頭の良い人≠行為の人
寺田寅彦は「科学者とあたま」と題する評論でこう述べている。
頭の良い人はあまりに多く頭の力を過信する恐れがある。その結果として自然が我々に表示する現象が自分の頭で考えたことと一致しない場合に「自然のほうが間違っている」かのように考える恐れがある。(略)科学の歴史はある意味では錯覚と失策の歴史である。偉大なる愚者の・頭の悪い・能率の悪い・仕事の歴史である。頭の良い人は批評家に適するが、行為の人にはなりにくい。全ての行為には危険が伴なうからである。けがを恐れる人は大工にはなれない。失敗をこわがる人は科学者にはなれない。科学も、やはり頭の悪い・命知らずの死骸の山の上に築かれた殿堂であり、血の川のほとりに咲いた花園である。一身の利害に対して頭が良い人は戦士にはなりにくい。

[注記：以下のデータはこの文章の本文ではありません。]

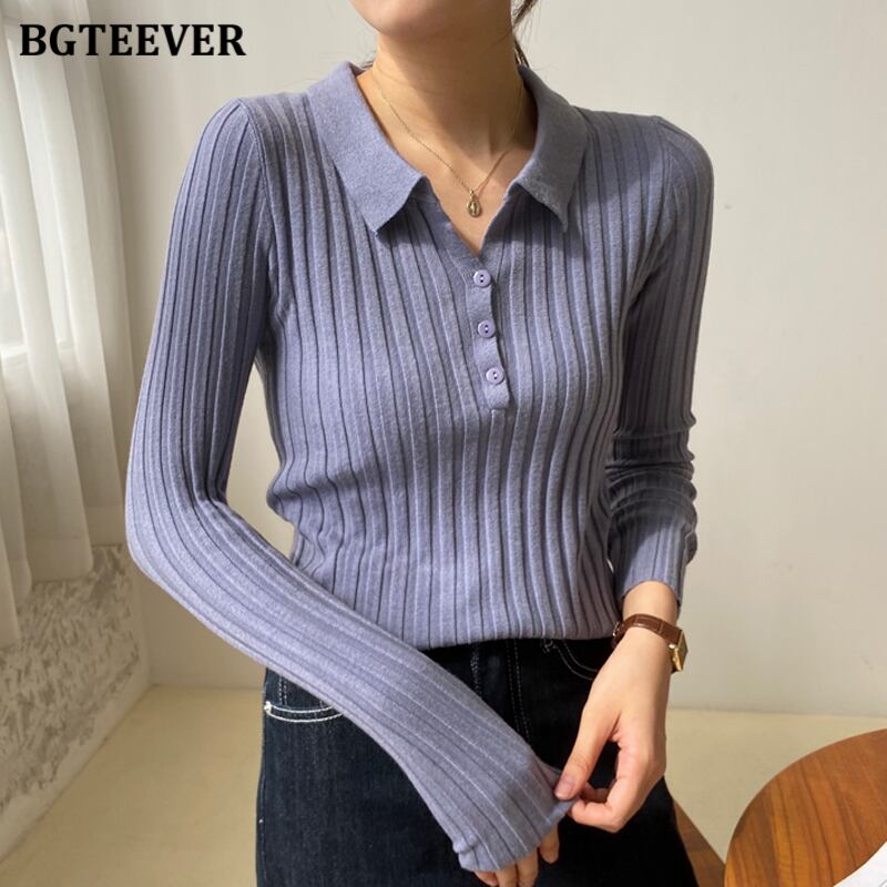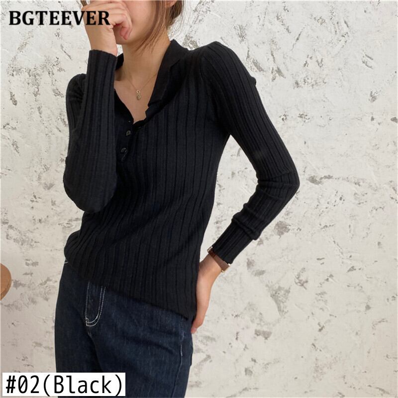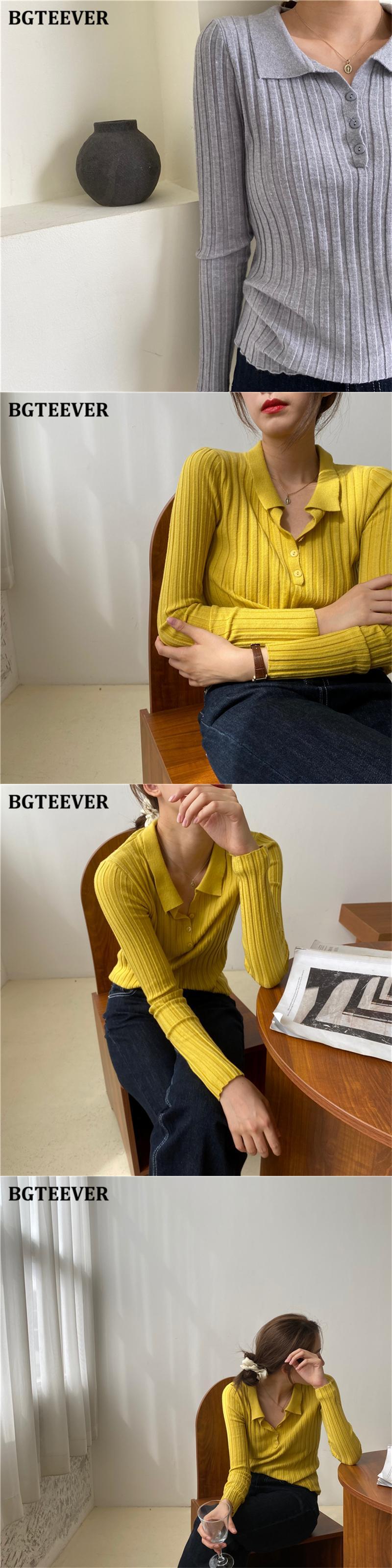 【新作】【送料無料】 BGTEEVER秋のスタイリッシュな女性ソリッドニットジャンパーラペルシングルブレストスリムセータートップス2020ベーシックニットウェア オータム 秋物 ソリッドカラー 12b144832807325

(小宮豊隆編「寺田寅彦随筆集第4巻」岩波文庫)
頭の良い弁護士は「頭の力」を過信するおそれがある。実際の事件が我々に提示する現象が自分の頭で考えたことと一致しない場合に「事実のほうが間違っている」と考える可能性すらある。が、そんな馬鹿な話はない。実務家にとっては目の前の事実が全て。弁護士の仕事も「錯覚と失策の連続」だ。偉大なる愚者の能率の悪い行為の連続と言える。「頭の良い人」は批評家(法律学者や裁判官)には適するが行為の人(弁護士)には向いていない。弁護士が行う全ての行為には危険が伴なう。だから法的意味の「けが」を恐れる人は弁護士には向かない。「失敗」を怖がる人も弁護士には向かない。弁護士の仕事は頭の悪い・命知らずの・死骸の山の上に築かれた殿堂であり「血の川のほとりに咲いた花園」である。失敗に対して敏感すぎる人は弁護士に向いていない。何故ならば我々は大工であり・科学者であり・戦士であり、要するに「行為の人」だからである。